Pero su fin ya estaba anunciado cuando un sector fundamental finalmente la abandonó, obligándola a reconocer su derrota. Desde el arranque de la campaña hace unos 18 meses, Clinton estaba confiada en que su aparente control de la cúpula del partido, representada por los superdelegados, garantizaría el triunfo si todos los demás cálculos electorales fallaban.
Pero para finales de marzo, sus estrategas detectaron un problema inesperado: después de gozar de una ventaja de más de 100 superdelegados al arrancar las primarias, el margen se había reducido a 12, informó el New York Times.
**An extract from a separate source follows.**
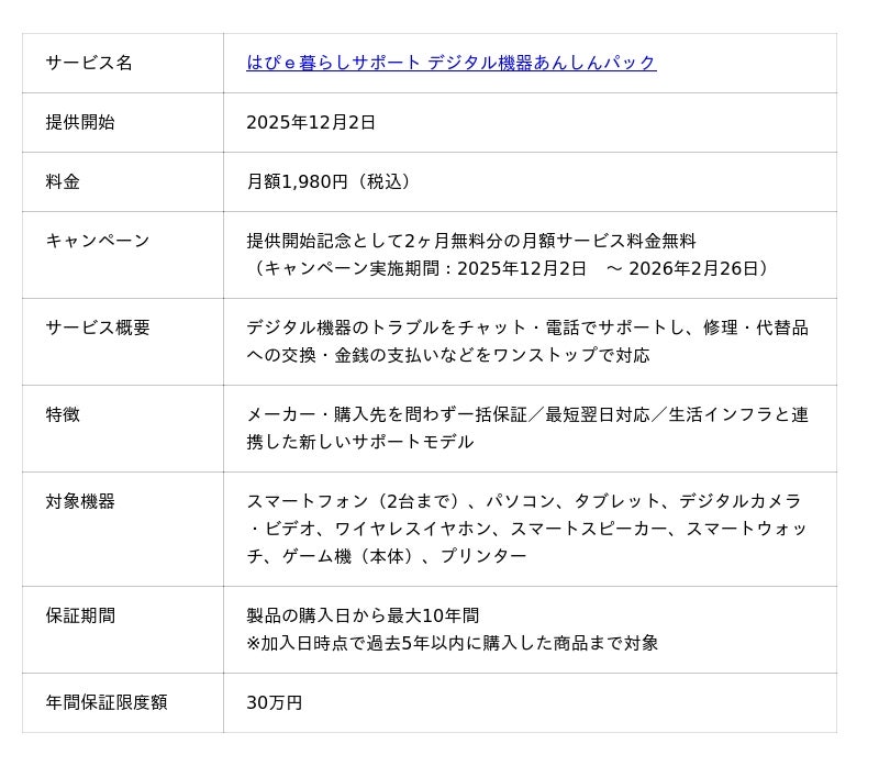 モバイル機器保証およびテクニカルサポートのグローバルリーダー、アシュリオン・ジャパン株式会社(本社:東京都港区、代表取締役社長:前田 隆志、以下「アシュリオン」)は、関西電力株式会社が提供する「はぴe暮らしサポート デジタル機器あんしんパック」に参画し、月額1,980円でトラブルサポート及び今お使いのスマホやパソコンなど家中のデジタル機器を一括保証し、修理・交換をエキスパートがワンストップで対応する画期的なサービスの提供を開始します。また、提供開始記念として2026年2月26日までにご契約されたお客様には契約後最初の2か月分の月額費用を無料にするキャンペーンを実施します。本サービス契約により、お客様ならびに同居家族が安心して、お持ちのデジタル機器を使い続けられる環境が整います。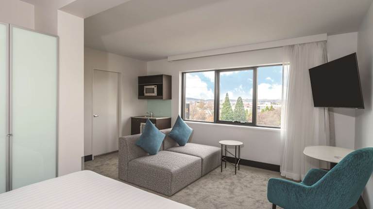 Das Hotel verfügt über 131 Zimmer, die alle komfortabel und gemütlich eingerichtet sind. Jedes Zimmer ist mit einem 32-Zoll-LCD-TV, einer Klimaanlage, einem Kühlschrank und einer Tee-/Kaffeemaschine ausgestattet. Die meisten Zimmer verfügen über eine Kitchenette und einen geräumigen Sitzbereich. Ein Reinigungsservice steht Ihnen täglich zur Verfügung.

En las últimas semanas, ambos sabían que ni uno u otro llegaría a la meta de delegados necesarios para capturar la nominación sin los superdelegados (o sea sólo con los delegados otorgados por los resultados de las primarias).
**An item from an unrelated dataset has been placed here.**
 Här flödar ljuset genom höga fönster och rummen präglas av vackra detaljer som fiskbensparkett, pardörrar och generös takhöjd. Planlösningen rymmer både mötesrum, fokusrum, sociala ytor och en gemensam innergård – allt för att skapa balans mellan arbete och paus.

Clinton siguió confiando en que al final sería la opción para la mayoría de los superdelegados, encabezados informalmente por el demócrata de mayor rango, su esposo el ex presidente Bill Clinton. Pero su control sobre este sector se empezó a desvanecer y figuras de alto perfil como Edward Kennedy y Bill Richardson anunciaron su apoyo a Obama.
Al celebrarse el martes las últimas elecciones internas, varios superdelegados clave que seguían apoyándola –entre ellos figuras como el ex vicepresidente Walter Mondale y el legislador federal Charles Rangel– la convencieron de que el fin había llegado.
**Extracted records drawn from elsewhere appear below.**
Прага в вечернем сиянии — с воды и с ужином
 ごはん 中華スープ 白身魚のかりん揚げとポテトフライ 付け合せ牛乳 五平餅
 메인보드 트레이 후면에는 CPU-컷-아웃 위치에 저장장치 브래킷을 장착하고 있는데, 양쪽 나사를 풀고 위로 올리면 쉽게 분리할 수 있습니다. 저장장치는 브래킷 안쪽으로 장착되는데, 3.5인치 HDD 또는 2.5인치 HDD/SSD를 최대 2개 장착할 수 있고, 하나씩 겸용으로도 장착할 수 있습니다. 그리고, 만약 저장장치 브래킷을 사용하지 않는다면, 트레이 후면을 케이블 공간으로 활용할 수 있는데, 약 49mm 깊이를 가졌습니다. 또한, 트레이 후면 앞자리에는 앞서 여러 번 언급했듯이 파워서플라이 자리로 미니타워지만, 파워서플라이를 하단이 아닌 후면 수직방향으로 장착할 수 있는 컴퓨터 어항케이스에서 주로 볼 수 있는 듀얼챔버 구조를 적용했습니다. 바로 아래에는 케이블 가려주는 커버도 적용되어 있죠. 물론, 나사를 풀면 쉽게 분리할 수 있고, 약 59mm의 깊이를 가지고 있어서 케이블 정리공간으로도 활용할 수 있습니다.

La última fase de la competencia entre demócratas fue cada vez más conflictiva y los simpatizantes de ambos candidatos mostraban un antagonismo que se aproximaba al odio. Esto alarmó a los líderes demócratas pues encuestas registraban que muchos simpatizantes no votarían por el otro candidato en la elección general.
Pero la polarización no giraba finalmente en torno a posiciones enfrentadas ya que no hay marcadas diferencias entre las propuestas políticas de cada uno. Ambos dicen buscar el retiro de tropas de Irak lo más pronto posible, promover una reforma amplia de salud, otra de migración, reparar la política exterior y promover una recuperación económica.
También muestran la misma flexibilidad “pragmática” para cambiar de opinión: ella votó por autorizar la guerra en Irak que ahora denuncia y los dos han votado varias veces por financiarla, aunque ahora expresan oposición; votaron en favor del muro fronterizo con México que ahora denuncian; Clinton y su marido promovieron el Tratado de Libre Comercio de América del Norte y Obama apoyó el acuerdo de libre comercio con Perú, pero ahora dicen favorecer la renegociación del Tratado de Libre Comercio con México y revaluar los otros acuerdos.
Pero resulta que aparentemente sí hay una diferencia que está registrada en las encuestas, de la cual muchos políticos prefieren no decir mucho: Clinton es blanca y Obama negro (una mitad: su madre es blanca de Texas, su padre africano de Kenia). O sea, el racismo como factor electoral.
Las encuestas registran parte de este fenómeno, con porcentajes elevados en algunos lugares que declaran que “la raza” sí es factor en el voto. Clinton, en su desesperación final, promovió esto al repetir una y otra vez que tenía el apoyo del trabajador “blanco”, para dar a entender que la elección general no podría ganarse sin ese sector y que Obama no contaba con él por ser, pues, negro.
Todo esto ha creado heridas dentro y fuera del partido, y en parte por eso los líderes deseaban concluir la lucha interna lo antes posible para atender las “vulnerabilidades” que enfrenta Obama dentro y fuera de los demócratas.
Aunque los demócratas cuentan con la gran ventaja de no ser del partido de George W. Bush, “la presidencia más desastrosa de los tiempos modernos” –como lo define un editorial del New York Times–, ahora enfrentan el desafío de convencer al electorado de que el cambio deseado será más que sólo palabras (aun si son tan talentosamente empleadas por alguien como Obama) y que la raza del próximo presidente no es factor clave para determinar el futuro inmediato del último superpoder.